Retiring CJ Malanjum says ‘can’t remember’ who will be his successor

Chief Justice of Malaysia Tan Sri Richard Malanjum speaks to reporters in Kuala Lumpur March 22, 2019. — Picture by Ahmad Zamzahuri
Chief Justice of Malaysia Tan Sri Richard Malanjum speaks to reporters in Kuala Lumpur March 22, 2019. — Picture by Ahmad Zamzahuri

KUALA LUMPUR, March 22 — With just a few weeks to go to the end of his tenure, Chief Justice Tan Sri Richard Malanjum has repeatedly faced a barrage of questions over the identity of his successor.

In good humour today, the top judge departed from his usual response that he cannot comment on the matter as the appointment is the prerogative of the Yang di-Pertuan Agong.

“I can’t remember. No seriously, I can’t remember.
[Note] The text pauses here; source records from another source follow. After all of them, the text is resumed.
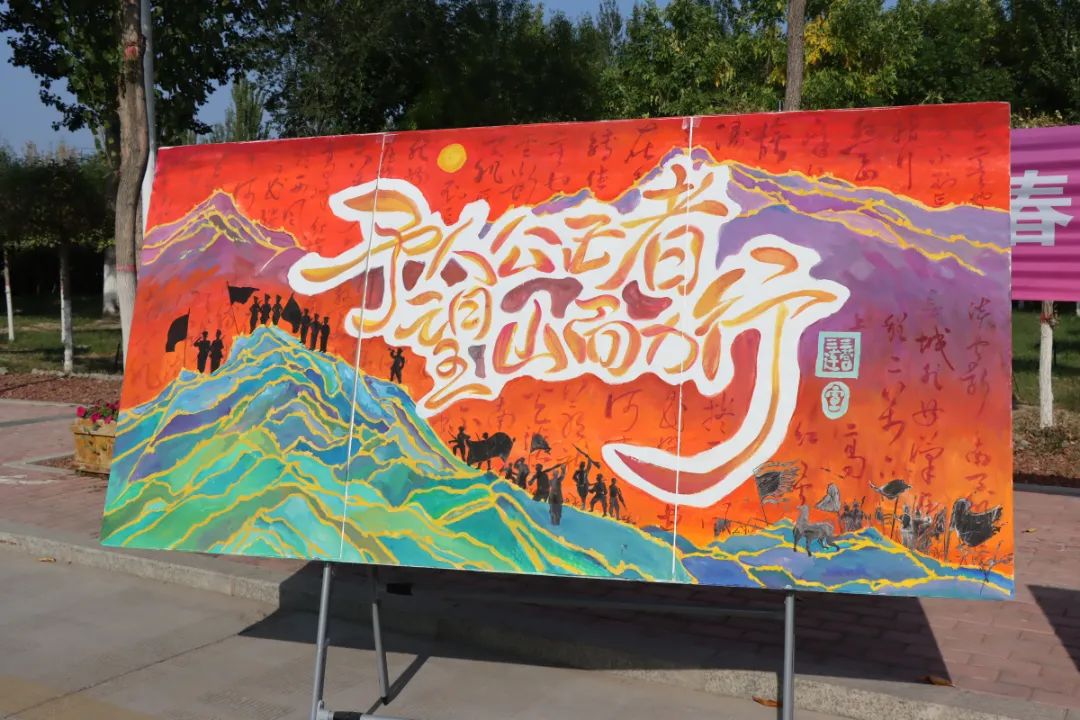 深红的底色震撼人心,草书书写着毛主席的诗文,体现了我们对一个革命时代底色的理解。画面中巍峨的贺兰山雄据云间。前景是从古到今的军人剪影由低到高排开,千年前,将士们捧浊酒一杯于贺兰山勒马,在烽火狼烟里执戟持刃,在玉门的羌笛声里书写着封狼居胥的辉煌,谱画着保家卫国的壮歌;百年前,战士们在暴风骤雨里拼斗疆场,用血肉与热血构筑起华夏民族的长城,用青春与生命换取了华夏的全新天地;时代的考题已经列出,我们的答卷正在写就,峥嵘过去已经彪炳史册,璀璨当下正在不断延伸,光明未来需要我们的踏实开拓。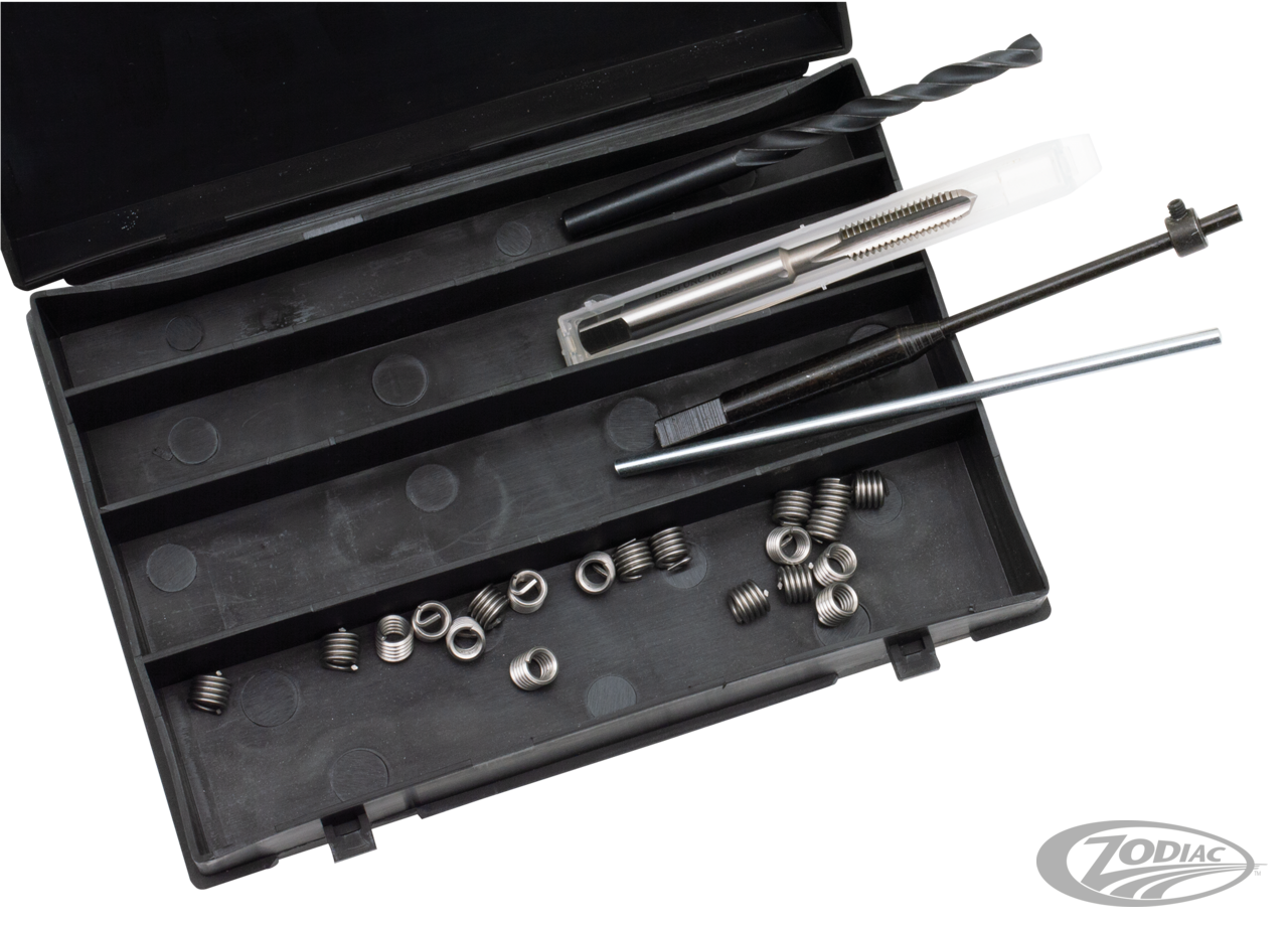 Reparieren Sie defekte Gewinde auf eine besonders professionelle Art. Diese Reparaturkits beinhalten einen speziellen Gewindeschneider, Einsetzwerkzeug sowie 10 Gewindeeinsätze. Für alle diejenigen die bereits die Werkzeuge besitzen bieten wir zudem Nachfüllpacks separat an.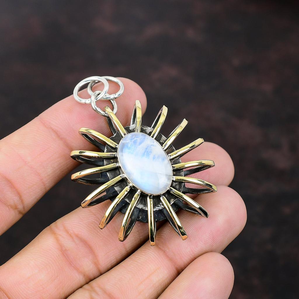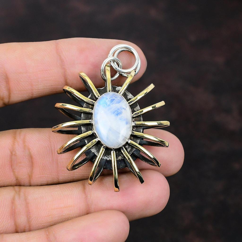 Подвеска из радужного лунного камня, ювелирные изделия ручной работы, подвеска из стерлингового серебра 925 пробы, позолоченная 18-каратная подвеска в виде клетки, новинка, ювелирное изделие из драгоценного камня, подарок для жены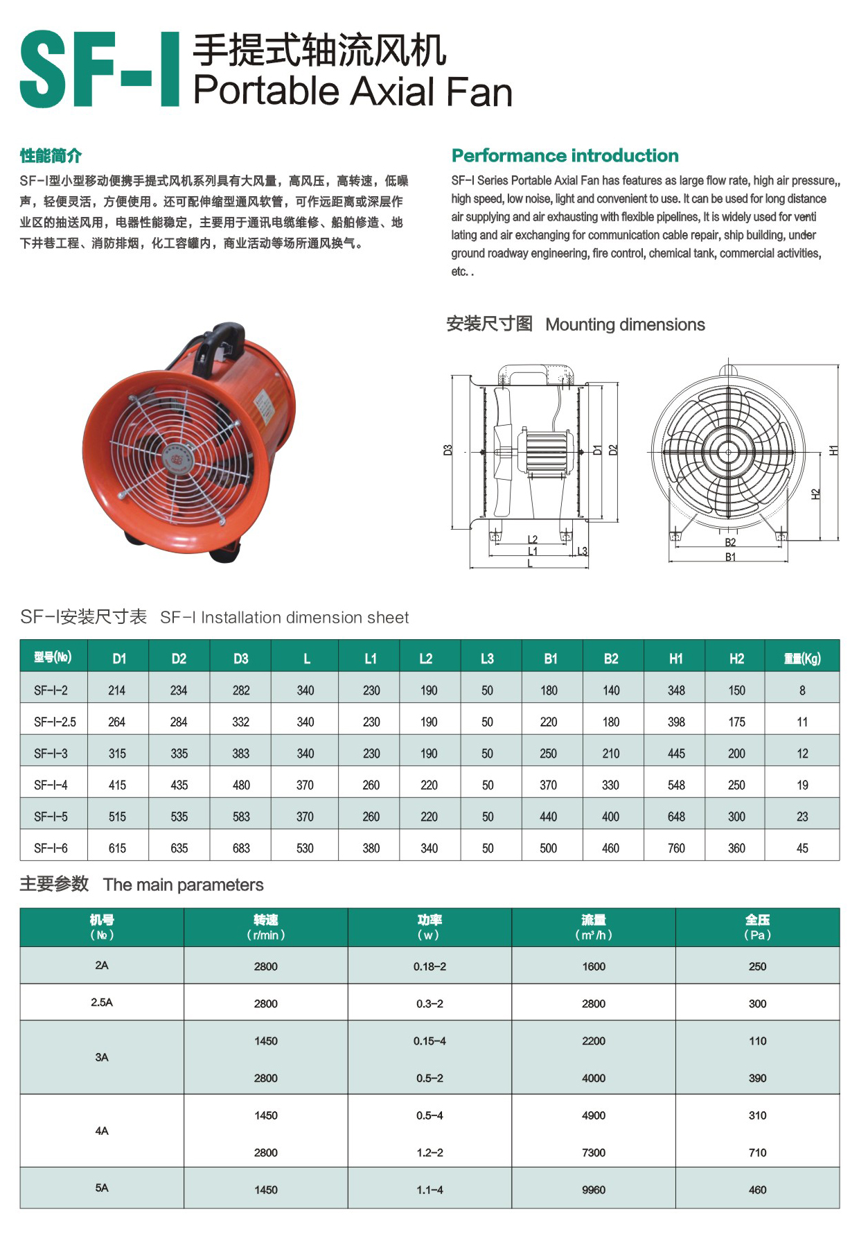 * SF-I Series Portable Axial Fan has features as large flow rate, high air pressure,, high speed, low noise, light and convenient to use. It can be used for long distance air supplying and air exhausting with flexible pipelines, It is wide份used for vent lating and air exchanging for communication cable repair, ship building, under ground roadway engineering, fire control,比emical tank, commercial activities, etc.

Got a bit of amnesia,” he told reporters when asked if his successor has been identified.

He then laughed, winked and bid goodbye to reporters.

Malanjum yesterday declined to comment on either his impending retirement or his replacement, reiterating that the matter was the King’s prerogative.

Asked if the government is under pressure to appoint a Malay-Muslim as the next chief justice given the current political climate, Malanjum said such judicial appointments are by the country’s ruler.

He declined to comment when asked if his tenure would be extended or if a successor has been identified.

Malanjum turned 66 last October 13, and is currently serving a six-month extension allowed under the Federal Constitution until early next month.

When asked if the upcoming retirement of the top four judges would affect the judiciary, Malanjum said there are currently “more than enough” judges in the superior courts and that new judges are being appointed.

As of March 1, the Judicial Appointments Commission’s website states that there are 121 judges — including judicial commissioners — at the High Court, Court of Appeal and Federal Court, with 32 vacancies for judges.